2. The multi-source solid waste backfill slurry as described in claim 1, characterized in that, The raw materials for the multi-source solid waste filling slurry also include a defoamer; the mass of the defoamer is 2% of the sum of the mass of the multi-source solid waste material, waterborne epoxy resin, curing agent, waterborne acrylic resin and polyacrylic acid dry matter.
3. The multi-source solid waste backfill slurry as described in claim 2, characterized in that, The defoamer comprises organosilicon and tributyl phosphate; the mass ratio of the organosilicon and the tributyl phosphate is 1:
2.
4. The multi-source solid waste backfill slurry as described in claim 1, characterized in that, The tailings have a particle size of ≤2.5mm.
5. The multi-source solid waste backfill slurry as described in claim 1, characterized in that, The mass percentage of components with a particle size ≤ 4.75 mm in the gasification slag is higher than 98%.

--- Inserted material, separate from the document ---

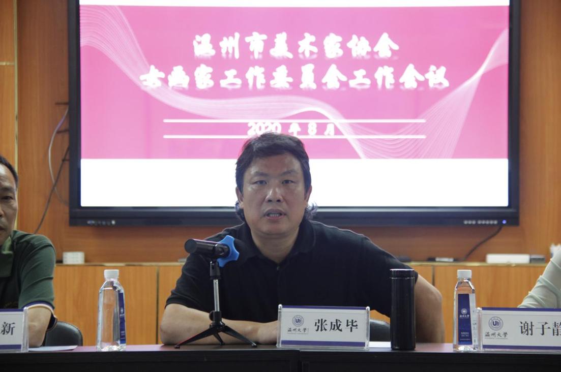 2020年8月7日下午,温州市美术家协会女画家工作委员会工作会议在皇冠博彩 举行。中国美协理事、市美协主席张成毕出席会议。皇冠博彩 党委书记叶正飞、校工会副主席陈文远到会祝贺,叶书记致辞并介绍了美院的办学情况。出席会议的还有市美协秘书长潘新新、副秘书长金婧婧、常务理事叶海华等。会议由市美协副秘书长、女画家工作委员会秘书长林翼如主持。

6. The method for preparing multi-source solid waste backfill slurry according to any one of claims 1-5, characterized in that, Includes the following steps: After uniformly mixing the multi-source solid waste material, water-based epoxy resin, curing agent, water-based acrylic resin and polyacrylic acid, water is added to make the mass concentration of the multi-source solid waste filling slurry 69-76%, and the mixture is stirred evenly to obtain the multi-source solid waste filling slurry. And / or, after uniformly mixing the multi-source solid waste material, water-based epoxy resin, curing agent, water-based acrylic resin, polyacrylic acid and defoamer, water is added to the mass concentration of the multi-source solid waste filling slurry to 69-76%, and the mixture is stirred evenly to obtain the multi-source solid waste filling slurry.
7. The application of the multi-source solid waste backfill slurry as described in any one of claims 1-5 in mine backfilling.